И так три раза. Потом члены клуба расходятся. Теперь о другом клубе «белоручек». Белоручки на Ортисе — это не бездельники, не лоботрясы. Это школьники, которые так научились работать в производственных мастерских, что выходят оттуда с абсолютно чистыми, белыми руками. Это рабочие-белоручки, показывающие класс труда. Если сама по себе работа грязная, то школьник, если он хочет вступить в клуб белоручек, должен внести такое усовершенствование, чтобы работа стала чистой.

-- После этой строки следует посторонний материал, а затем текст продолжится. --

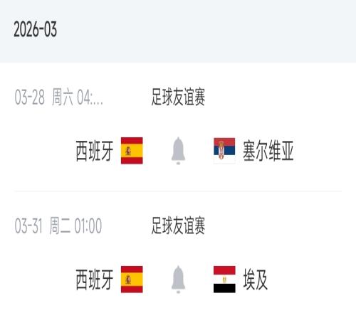 西班牙本月將在國內進行兩場熱身賽,分別是北京時間3月28日凌晨4點對陣塞爾維亞、3月31日凌晨1點對陣埃及。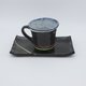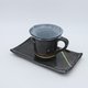 A set of gray cups and plates. The cup is lightweight and easy to hold. The lower part of the cup and the plate are lined with two-color glaze for a stylish finish.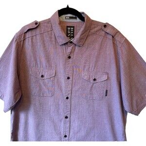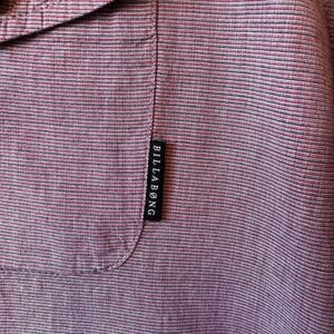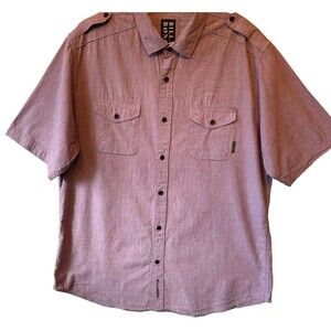 BILLABONG Shirt Men's XL Short Sleeve 100% Cotton Red White Blue Casual Pockets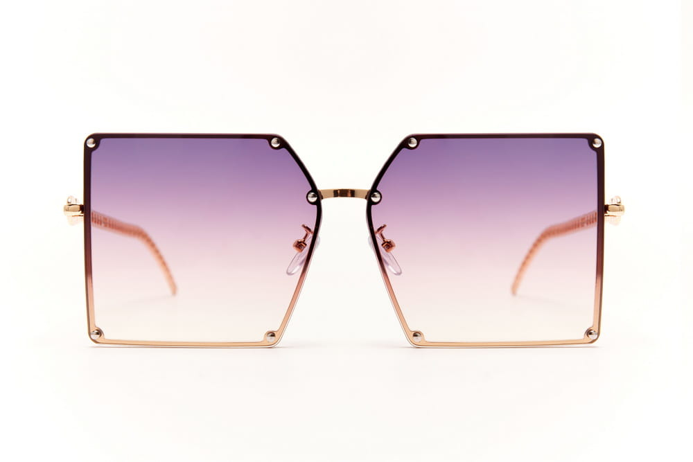 Duże,kwadratowe okulary przeciwsłoneczne, soczewka amarantowa.Elegancki,metalowy zausznik.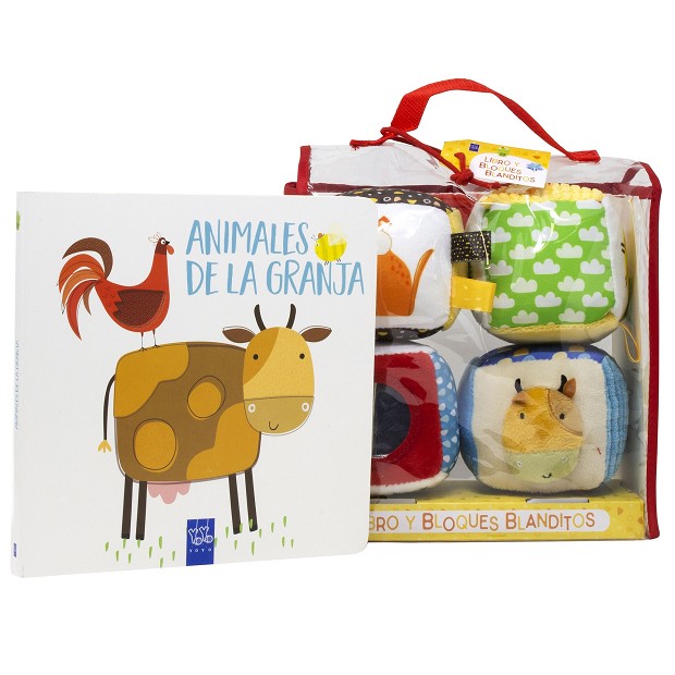 Maleta de plástico transparente, con un libro y 4 cubos de tela blanditos, con variedad de texturas y sonidos, con los que los más pequeños aprenderán a reconocer animales y colores.
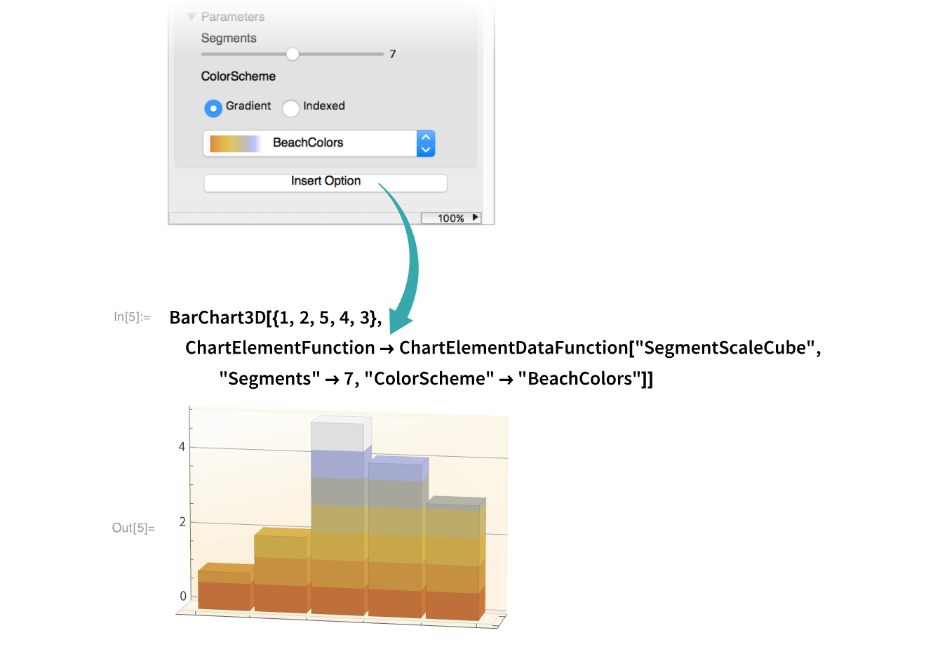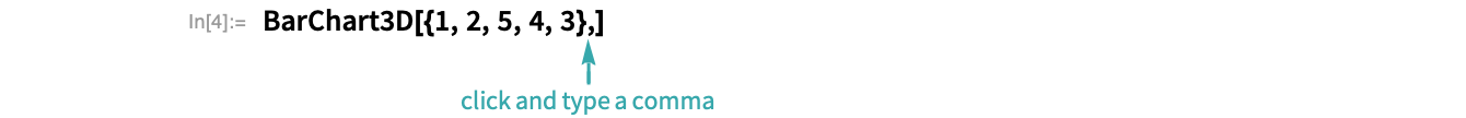 Click before the closing bracket (]) of the input expression and type a comma in preparation for inserting chart options: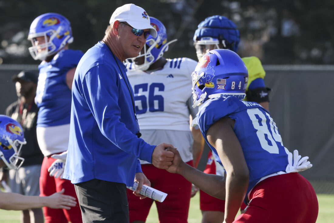 Kansas head coach Lance Leipold (left) shakes hands with receiver Jaden Nickens during Kansas football’s spring practice on Thursday, March 26, 2026, in Lawrence.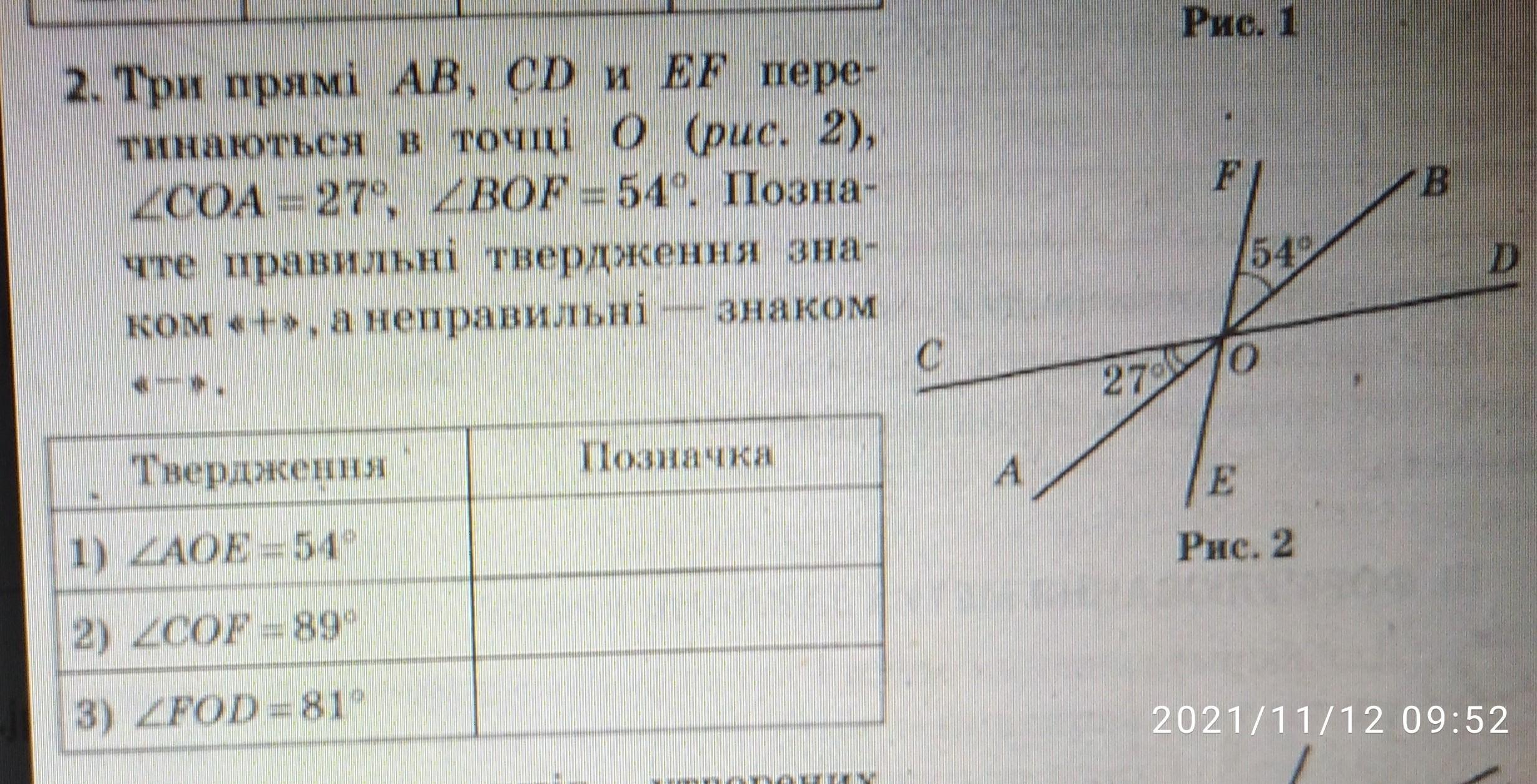 2)∠COF = 180 - 27 -54 = 99°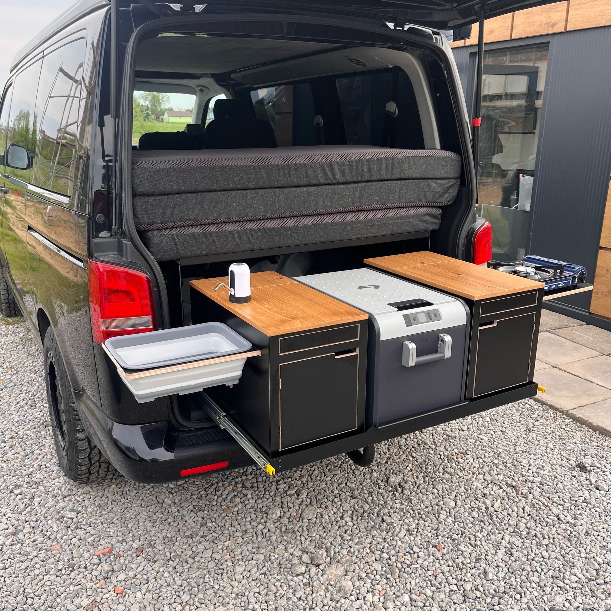 ¡Convierte tu VW en el campervan ideal! El box modular de camping EXCLUSIVE es la solución completa para los amantes de los viajes, que combina funcionalidad, durabilidad y elegancia en un solo producto.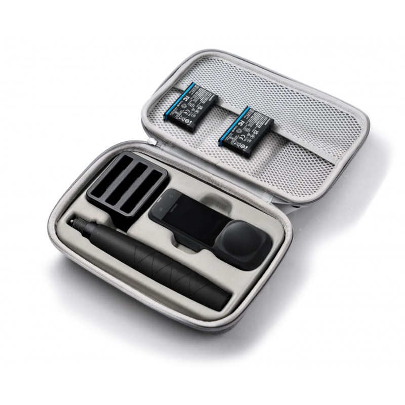 Étui renforcé conçu pour la caméra X4. Il peut contenir la caméra X4 (avec verre de protection standard ou premium, avec bouchon d’objectif et termogrip), 2 batteries, un hub de charge et une perche selfie de 85 cm.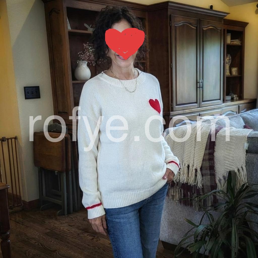 Add love to your everyday style with this chic white sweater. A bright red heart on one side gives it a look of pure romance for anyone and any time, perfect for wearing anywhere. The round collar, cozy long sleeves, and loose fit make it easy to layer, mix and match with jeans and your favorite lightweight jewelry.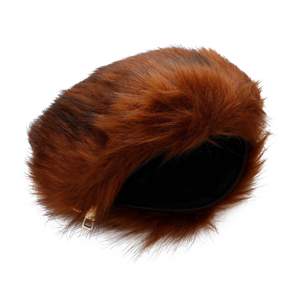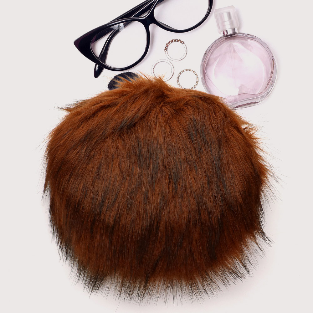 Details • Bag Size : 10" X 10" • Chain Strap Size : 44" L / Detachable • Material : 100% Polyester • Zipper Closure • Trendy round faux fur shoulder bag featuring a plush, fuzzy texture that adds a bold and stylish statement to any look. Compact yet functional, this soft design is perfect for carrying essentials on casual outings, parties, or fashion-forward streetwear looks. A cozy accessory for any season.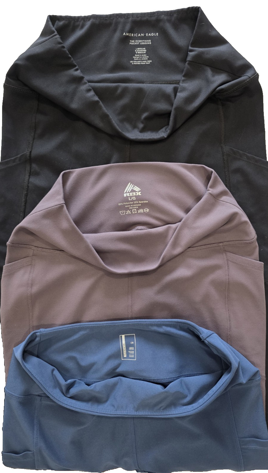 Capri Leggings, Set of 3, Blue, Black Purple, Size L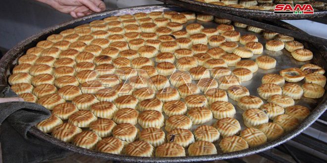 ويبين الشاب رياض قوجة صاحب فرن لخبز كعك العيد أن وجود الكعك والمعمول الحلبي وأقراص التمر عادة قديمة لدى أهالي حلب فهي مكون أساسي في الأعياد لضيافة الزوار وتعد بحد ذاتها بهجة للعيد في حين يتحدث ماجد كريم العامل في الفرن عن مكونات الكعك والمعمول من طحين وسميد وحليب ومحلب وحبة البركة والسمن وماء الجبن والتمر وطريقة التحضير للحصول على حلويات تمتاز بنكهات مميزة جدا.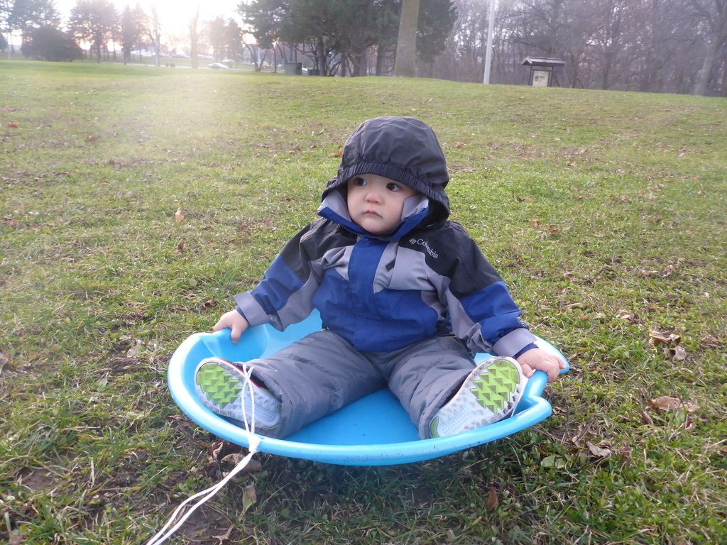 When I was a kid, my dad took me sledding in the snow.  I had to improvise.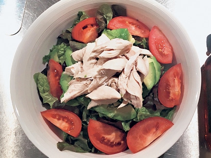 【19:00夕食】水耕栽培の「アメ玉レタス」を使ったサラダ。ゆで鶏肉も入れてたんぱく質も摂取。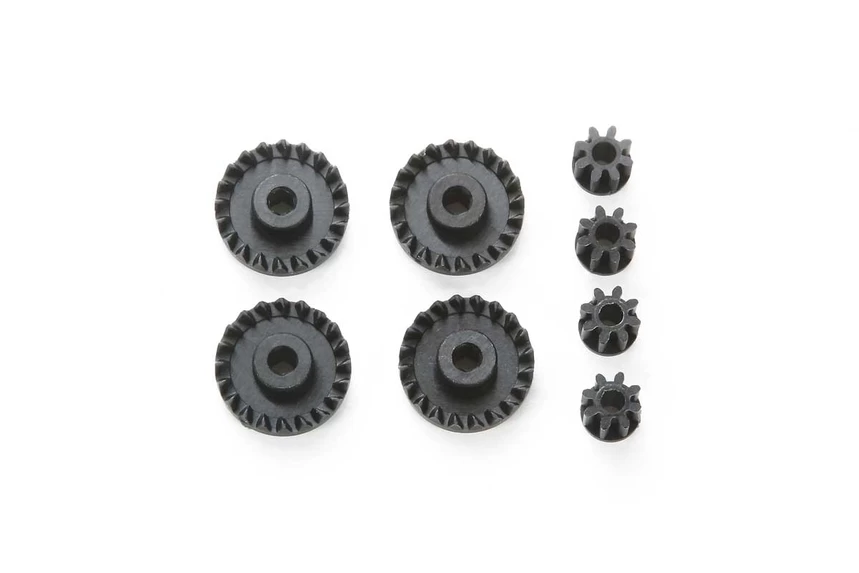 These are carbon reinforced gears found in Tamiya’s Mini 4WD racing machines. They replace the standard plastic gears that are labeled G13 along with the 8-tooth pinion gear. These reinforced carbon gears are ideal to use when using high output motors.
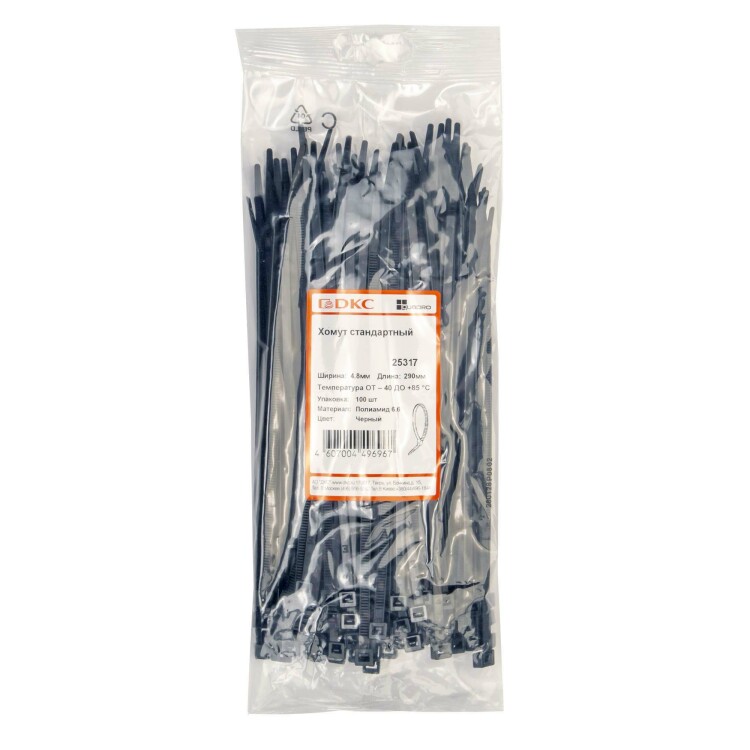 Хомут кабельный (стяжка) 290ммx4.8ммx1.4мм с внутр. зубчатым зацеплением пластик черный макс.d охвата79мм DKC

Большой популярностью пользуется клуб крикунов. Его девиз: «Не хотим тишины!» На дверях клуба табличка:
ПРОСЬБА ХЛОПАТЬ ДВЕРЬЮ
На стенах объявления:
«Не соблюдать тишины!», «Тихий разговор воспрещен».
Вот они-то и проводят соревнования, об одном из которых ты читал в «Охе». Клуб крикунов посещают, понятно, все любители покричать. На заседаниях они так наорутся, что часто остаются без голоса. На следующий день в школах тишина. Так что в этом смысле клуб крикунов даже полезен. Я уж не говорю о том, что во время заседаний освещением они обслуживают не только себя, но и с десяток соседних комнат и кабинетов.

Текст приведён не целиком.